XV

Au matin, elle sommeillait encore dans sa chambre encourtinée, lorsque Méléagant vint lui rendre visite, comme il avait coutume. D’abord qu’il entra, il aperçut les traces de sang frais sur les draps. Il alla au lit de Keu dans la pièce voisine et le vit pareillement taché : car les blessures du sénéchal s’étaient rouvertes durant la nuit.

— Dame, voici du nouveau ! s’écria-t-il. Mon père vous a très bien gardée de moi, mais très mal de Keu le sénéchal. Et c’est grande déloyauté à vous que d’avoir honni l’un des plus prud’hommes du monde pour en choisir le plus mauvais !

À ces mots, Keu, pour souffrant qu’il fut, ne put se tenir de crier qu’il était prêt à se défendre d’une telle injure ou par épreuves ou par bataille. Mais Méléagant, sans lui répondre, envoya quérir son père. Et lorsque le roi Baudemagu eut vu les draps sanglants :

— Dame, dit-il, vous avez mal agi !

— Sire, répondit la reine, je ne mets pas mon corps au marché ! Bien souvent, la nuit, le nez me saigne. Que Dieu ne me pardonne jamais, si c’est Keu qui porta ce sang dans mon lit ! Voyez, fit-elle à Lancelot qui était venu avec le roi, pour quelle femme on me tient et de quoi l’on m’accuse !

— Dame, dit celui-ci, il n’y a au monde chevalier contre qui je ne vous en défende.

— Si vous l’osez nier, je suis tout prêt à le prouver contre vous ! s’écria Méléagant.

— Comment ? Êtes-vous donc déjà guéri des plaies que je vous fis hier ?

— Je n’ai plaie, dit Méléagant, qui puisse m’empêcher de soutenir le droit.

— Dieu m’aide ! dit Lancelot, puisqu’il vous en faut encore, allez vous faire armer !

Bientôt les deux chevaliers se trouvèrent sur la place, et le roi avec eux.

— Sire, dit Lancelot, une bataille pour une si haute chose ne saurait être faite sans serment.

Le roi fit apporter les meilleures reliques qu’on put trouver, et tous deux se mirent à genoux.

— Par Dieu et par tous les saints, dit Méléagant, c’est le sang de Keu le sénéchal que je vis au lit de la reine !

— Par Dieu et par tous les saints, dit Lancelot, vous en êtes parjure !
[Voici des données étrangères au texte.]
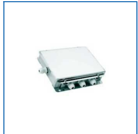
JUNCTION BOX & CORNER CARD
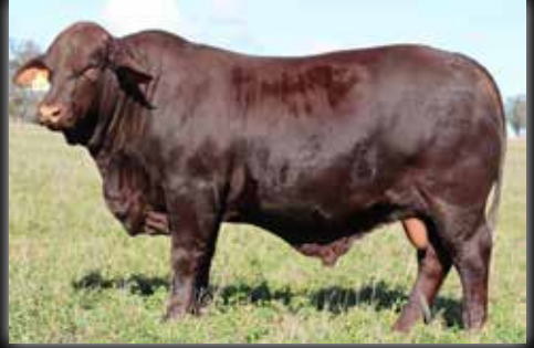
Lot 6 Watasanta Six Shooter 2814 (P) Sold $24,000 to Donoghue Family, Quirindi
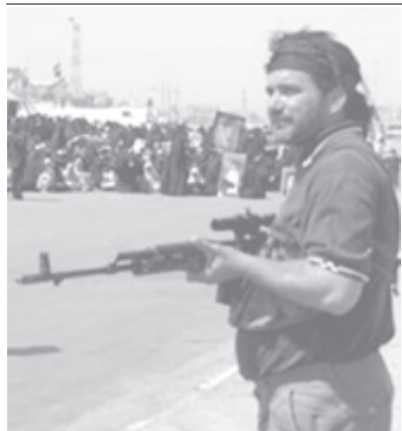
A militiaman stands guard as Iraqi Shiites demonstrate in support of Moqtada Sadr's Army of Mehdi militia on 19 June, 2004. A bomb killed one Portuguese worker and two Iraqis while clashes with US troops in Baghdad left around 20 people dead or wounded as Iraq lurched towards independence less than a fortnight away.
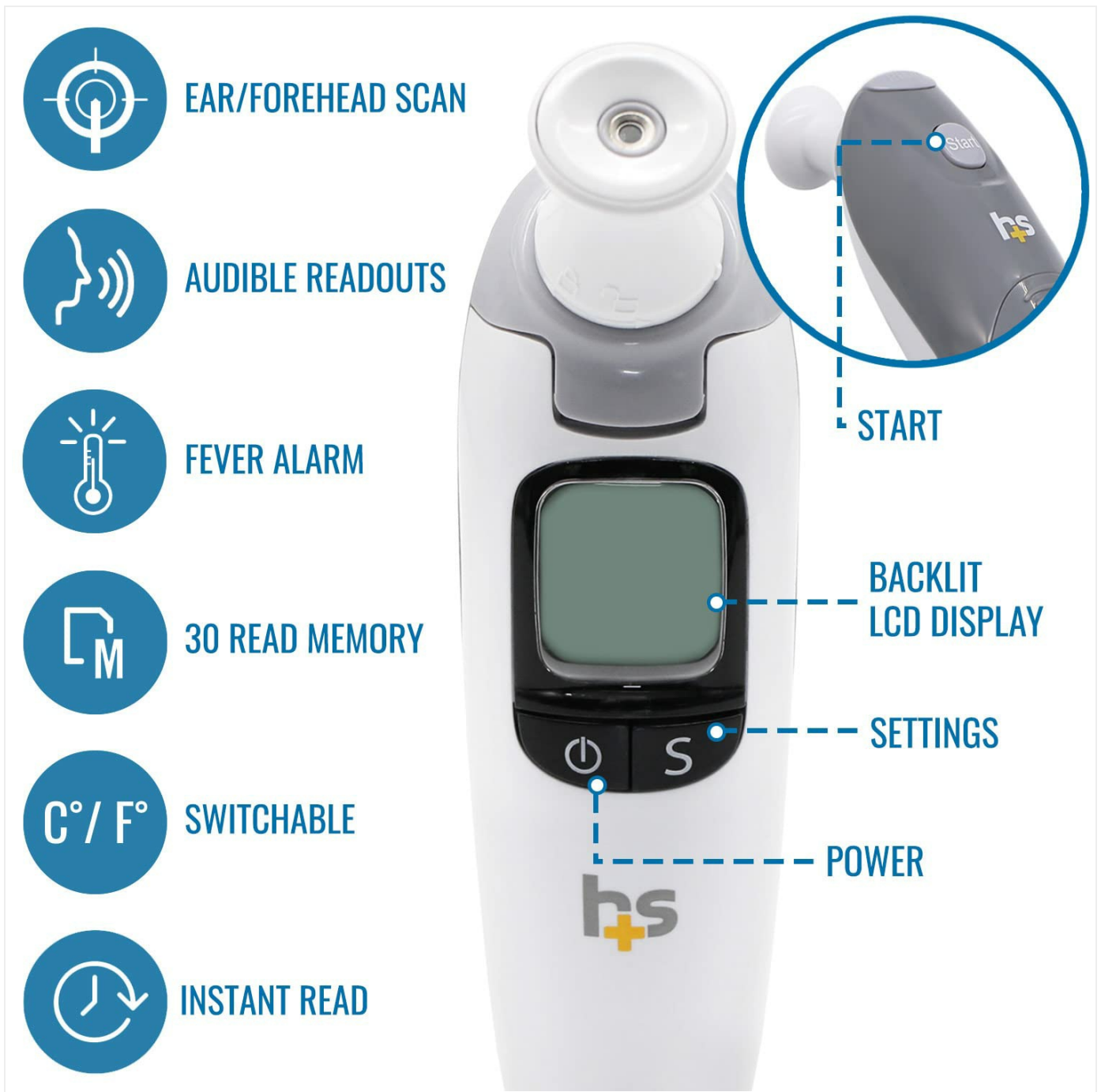
Figure 3: Thermometer controls and display features.
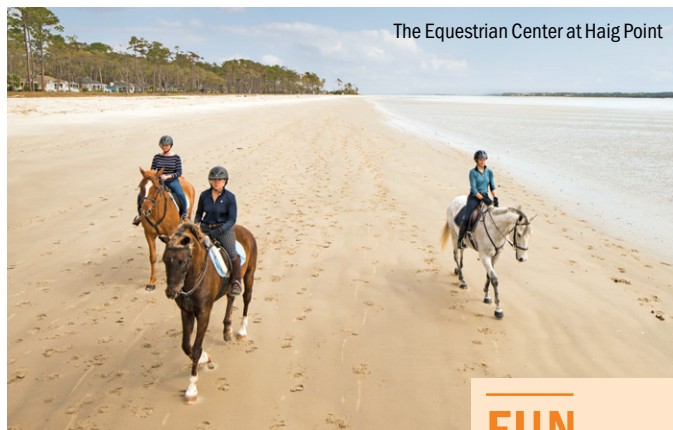
The Equestrian Center at Haig Point
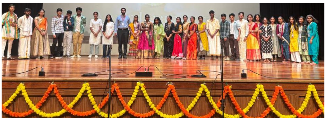
Group Photo of the participants after the performance

The "Echoes and Beats: The battle of speech and dance" event was one of the most vibrant and visually stunning segments of Cultura Nova 1.0. The students represented each state with the dance and spoke about the state. A culture dance performance is a beautiful way to represent the rich traditions, diversity, and heritage of different societies.

Alors ils enfourchèrent leurs destriers et laissèrent courre : leurs lances se brisèrent, et ils se heurtèrent de leurs chevaux, de leurs écus, de leurs corps, si rudement qu’ils touchèrent de l’échine l’arçon d’arrière ; mais Méléagant vola par-dessus la croupe de son destrier. Aussitôt Lancelot saute à terre, dégaine, jette l’écu sur sa tête et court à celui qu’il hait à mort. Méléagant se défend en bon chevalier, car il était preux, s’il était traître et félon ; mais sa blessure s’était remise à saigner et Lancelot le pressait plus vivement qu’il n’avait fait la première fois.

Quand le roi vit qu’à nouveau la bataille tournait mal pour son fils, il ne put le souffrir : il fut encore implorer la reine au nom de Dieu et des services qu’il lui avait rendus.

— Sire, dit-elle, allez les départir.

Et le roi s’empressa de mander à Lancelot que la reine voulait qu’il laissât maintenant la bataille.

— Dame, le voulez-vous ? cria Lancelot.

— Oui, fit-elle.

— Et vous ? demanda Lancelot à Méléagant.

— Oui, car je vous retrouverai quand il me plaira.

Lancelot mit à regret son épée au fourreau, disant à son adversaire qu’il sût bien que c’était par force. Puis il passa la journée avec sa dame, et le lendemain il repartit, comme il devait, vers le pont Sous l’Eau, en quête de monseigneur Gauvain, accompagné de quarante chevaliers.